Early maladaptive schema and social and occupational functioning.

Abstract

Early Maladaptive Schemas (EMS) are described as long‐held core beliefs which are dysfunctional to a significant degree. However, the supposition that schemas are dysfunctional by nature, while not isomorphic with psychiatric syndromes, is yet to be subjected to empirical review. The current study seeks to investigate the relationship between the Young Schema Questionnaire and the concept of ‘dysfunction’ in a community sample to determine the indirect effects of psychiatric symptomatology and validate current scoring guidelines with a convergent measure of dysfunction. A total of 464 people completed a survey online comprising of the YSQ‐Short Form, the Depression, Anxiety and Stress Scales‐21, the Social and Occupational Functioning Assessment Scales, and the World Health Organization Quality of Life Scale. Multiple regression analyses revealed a moderate relationship between EMS categories and measures of dysfunction, however only six of eighteen EMS categories were significant predictors in this model.
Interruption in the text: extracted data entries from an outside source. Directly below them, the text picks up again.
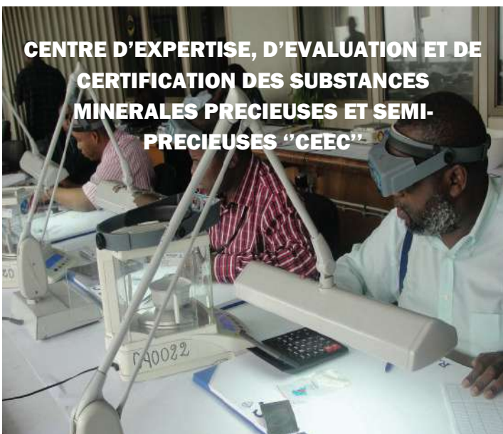
CENTRE D'EXPERTISE, D'EVALUATION ET DE CERTIFICATION DES SUBSTANCES MINERALES PRECIEUSES ET SEMI-PRECIEUSES "CEEC"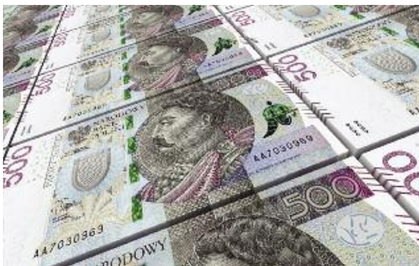
Dzięki zwiększeniu limitu dostępnych środków finansowych na „Modernizację gospodarstw” wsparciem zostanie objęte ponad 15,5 tys. wniosków. Maksymalna kwota pomocy wynosi 500 tys. zł

Na opublikowanych 18 czerwca 2018 r. listach określających kolejność przysługiwania pomocy w naborze z 2018 r. na inwestycje w Modernizację gospodarstw rolnych w limicie dostępnych środków mieściło się 11 986 wniosków. Dzięki nowelizacji rozporządzenia wsparciem zostanie objęte 15 539 wniosków. Liczba ta będzie ulegać zmianom ze względu na zmieniający się kurs wymiany euro na złote oraz toczący się proces weryfikacji wniosków. Wsparcie przyznawane jest w postaci dofinansowania kosztów poniesionych na realizację danej inwestycji. Poziom dofinanso-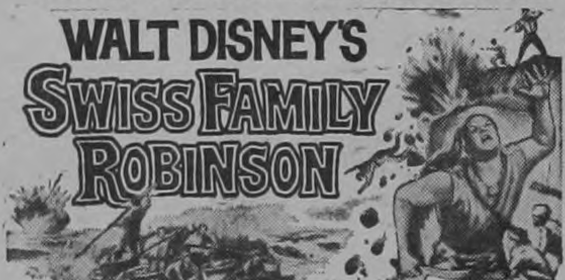
STARRING JOHN DOROTHY JAMES JANET MILLS-McGUIRE MacARTHUR MUNRO HAYAKAWA KIRK CONCORDAN PARKER HO-REID TAYLOR TECHNICOLOR FILM IN PANAVISION ©Walt Disney Production RELEASED BY BUENA VISTA DISTRIBUTION CO., INC.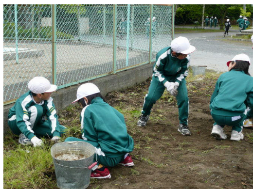
プール周りの草取りをする4年生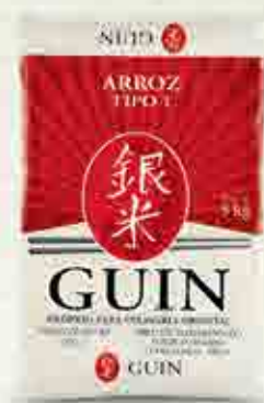
Guin Grão Longo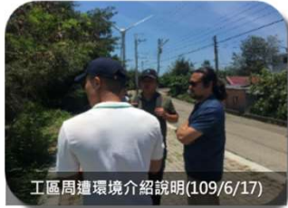
工區周遭環境介紹說明(109/6/17)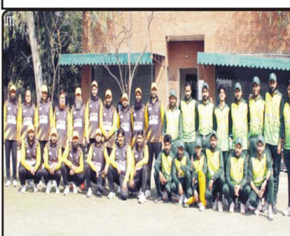
ایٹلیا سٹیپس میں بھارت کے کرکٹرز کی ٹیم کی تصویر۔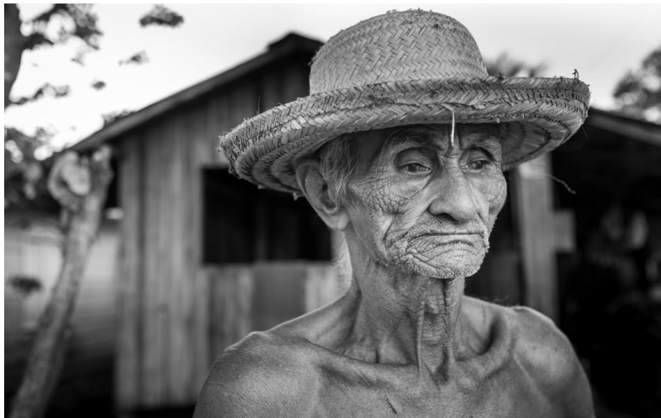
Rugas do tempo 10

Mediation analyses further suggest that the relationship between EMS and dysfunction is partially mediated by psychiatric symptomatology. The current dichotomous clinical scoring guidelines were found to be invalid when measures of functioning were used as convergent measures for twelve of the EMS categories. These findings suggest the YSQ is best conceptualised as a general measure of schema as opposed to a measure of EMS categories.